Postby BlackCat » June 19th, 2011, 1:56 am

A few points that I would like to follow up on...

1) I always find it so irritating when people call each other stupid over the Internet while using the wrong form of "your". It's irony at its finest, especially when the person's first language is English, otherwise it would be fine, but we're not talking about Quebec here...

2) That's great that she knew of Charlton Heston but had no clue what the NRA was.

3) If guns are not defense machines, then how come millions of households possess them?

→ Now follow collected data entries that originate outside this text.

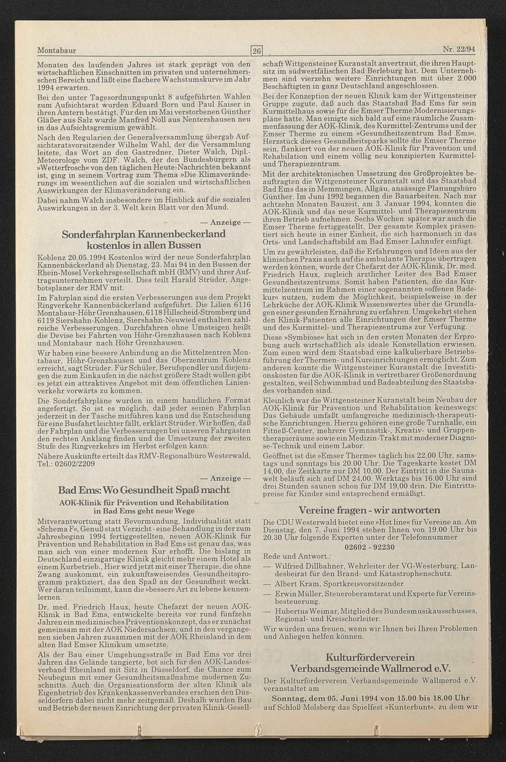 Koblenz 20.05.1994 Kostenlos wird der neue Sonderfahrplan Kannenbäckerland ab Dienstag, 23. Mai 94 in den Bussen der Rhein-Mosel Verkehrsgesellschaft mbH (RMV) und ihrer Auftragsunternehmen verteilt. Dies teilt Harald Strüder, Angebotsplaner der RMV mit.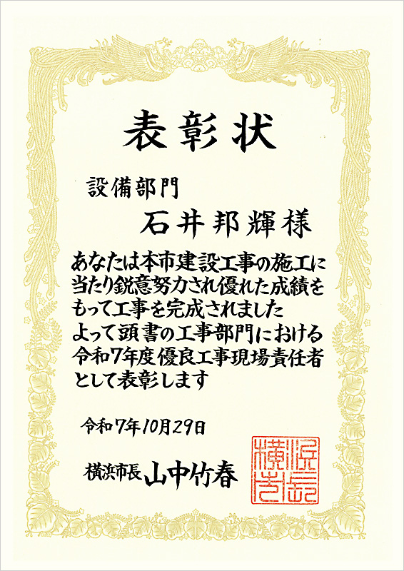2025-10-29 横浜市より令和7年度 優良工事技術者表彰設備部門で 弊社工事部課長 石井 邦輝が表彰されました。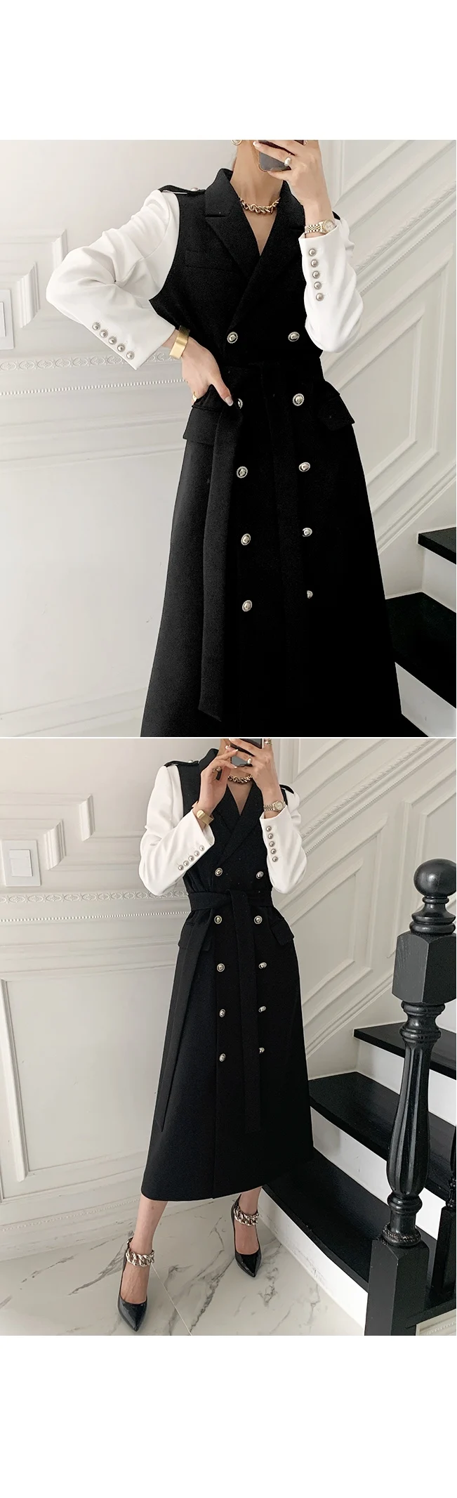 Новое черное платье для женщин, Осеннее однобортное белое однотонно...

4) I like how this chick thinks that if guns were to become illegal, all of the criminals suddenly wouldn't have them. Let's define a criminal again... hmmmm, law abiding or not? Duh!!! A criminal is someone who breaks the law so would it make sense for them to have items that are illegal? Of course!!! It's not rocket science! Alcohol was illegal once. Who had the alcohol? The criminals! Cocaine is illegal, who has the cocaine? The criminals!!! Say guns are illegal, who would have the guns? :o

Remember what Yamamota said regarding why he wouldn't invade U.S. continental land? Because "there is a rifle behind every blade of grass."


People thinking of guns only as evil machines are pathetic. Guns are power. Do you want power when your life depends on it? Of course!!! DEFENSE, DEFENSE, DEFENSE!!!!

By the way...

Ron Paul 2012!!!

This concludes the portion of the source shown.